実験No.1−22の配合で実際に立体造形実験を実施した。環境温度は22℃であった。使用したシステム及び条件を以下に示す。また、実験システムの模式図を図1に、使用したノズルの模式図を図2に、それぞれ示す。ミキサーに実験No.1−22の立体造形用セメント質材料を30kg、水を5.1kg加えて3分間練り混ぜてウェット材料を調製した。得られたウェット材料をホッパー付きの回転容積式一軸偏心ねじポンプに投入し、フレキシブルホースを介してウェット材料を圧送し、ノズル先端より吐出することで立体造形体の造形を行った。その結果、立体造形用セメント質材料からなる層を順次積み重ねることでき、連続積層高さが30cm以上である立体造形体が得られた。即ち、連続積層高さ30cm以上の連続積層が可能であった(図3参照)。
ミキサー:パン型ミキサー(岡三機工社製、商品名「ダマカットミキサー2.8型」)
圧送ポンプ:回転容積式一軸偏心ねじポンプ(PFT社製、商品名「PFT BOLERO」)
圧送ホース:4MPa耐圧フレキシブルホース(PFT社製、内径1インチ、圧送配管の距離は10m)
ノズル:自作品(図2参照)、ノズル吐出口径12mm(円形)
ロボットアーム:安川電機社製のロボットアーム(商品名「MOTOMAN−MA2010」)を改造しアーム先端にノズルを固定して使用
立体造形体の形状:中空円筒形(内径29cm、1層あたりのセメント質材料の高さ1〜2cm、積層幅(肉厚)20mm程度)
ウェット材料の吐出量:0.25m3/hr
ノズル移動速度:150mm/分
ノズル垂直移動距離:15mm
実験No.1−22、No.7−17及びNo.7−18の配合で、実施例8と同じシステム及び条件で、立体造形実験を実施した。環境温度は24℃であった。そのときの、ミキサーで練り混ぜた直後のウェット材料の温度、回転容積式一軸偏心ねじポンプで圧送されノズル先端から吐出されたウェット材料の温度、硬化時間及び連続積層高さ測定した。その結果を表8に示す。
材料の温度:デジタル温度計で測定
硬化時間:ノズル先端より吐出した材料をサンプリングし実施例1と同様の方法で測定
連続積層高さ:造形体が崩れるまで積層したときの高さをメジャーで計測
Claims (12)
- セメント、(A)骨材、(B)リグニンスルホン酸系分散剤(R)とメラミンスルホン酸系分散剤(M)との質量割合が、R:M=100:80〜400である分散剤、(C)増粘剤、(D)凝結遅延剤、(E)酸化物換算でSiO2を10〜25質量%含有する非晶質カルシウムアルミノシリケート、(F)セッコウ、及び(G)短繊維、を含有する建設向け立体造形用セメント質材料。

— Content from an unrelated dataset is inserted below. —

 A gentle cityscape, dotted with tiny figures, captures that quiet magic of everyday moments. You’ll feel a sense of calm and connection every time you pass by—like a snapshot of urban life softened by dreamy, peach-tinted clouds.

- セメント100質量部に対して、前記(B)の分散剤が0.2〜3質量部である請求項1記載の建設向け立体造形用セメント質材料。
- セメント100質量部に対して、前記(C)の増粘剤が0.03〜1.0質量部である請求項1又は2記載の建設向け立体造形用セメント質材料。

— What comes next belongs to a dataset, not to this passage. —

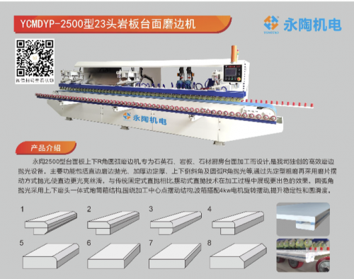 馬總宜:永陶機電是一家專業生產陶瓷、石材深加工設備的廠家,主要產品涵蓋圓弧拋光機、圓弧線條拋光機、前后刀數控陶瓷切割機、石材線條拋光機、石材直邊拋光機、石材拋邊拋底機、石材拋面拋邊機、巖板加工設備(如巖板45度倒角機、數控巖板智能橋切機),以及石英石加工設備等(如石英石單邊小樣塊磨邊倒角機、3頭石英石刮平定厚磨平機)。

- 前記(E)の非晶質カルシウムアルミノシリケート100質量部に対して、前記(F)のセッコウが50〜250質量部である請求項1〜3のいずれか1項記載の建設向け立体造形用セメント質材料。
- セメント100質量部に対して、前記(E)の非晶質カルシウムアルミノシリケートと前記(F)のセッコウとの合計が5〜30質量部である請求項1〜4のいずれか1項記載の建設向け立体造形用セメント質材料。
- 前記(A)の骨材として、バルーン系骨材を含む請求項1〜5のいずれか1項記載の建設向け立体造形用セメント質材料。
- 前記(C)の増粘剤が、天然多糖類系増粘剤及び/又は2質量%水溶液の粘度が30000mPa・s以上を示すセルロースエーテル系増粘剤である請求項1〜6のいずれか1項記載の建設向け立体造形用セメント質材料。
- 前記(D)の凝結遅延剤が、オキシカルボン酸類を含有する請求項1〜7のいずれか1項記載の建設向け立体造形用セメント質材料。
- 前記(G)の短繊維の平均繊維長が5〜15mmである請求項1〜8のいずれか1項記載の建設向け立体造形用セメント質材料。
- 前記(G)の短繊維の平均繊維径が100〜250μm、1gあたりの繊維本数が5000本以上である請求項9記載の建設向け立体造形用セメント質材料。
- 請求項1〜10のいずれか1項記載の建設向け立体造形用セメント質材料を水で練り混ぜ、得られるウェット材料をポンプで圧送し、ノズルから吐出される前記ウェット材料を、前記ノズルを移動させながら積層することで造形体を構築する建設向けの立体造形方法。
- 前記ポンプが回転容積式一軸偏心ねじポンプである請求項11記載の建設向けの立体造形方法。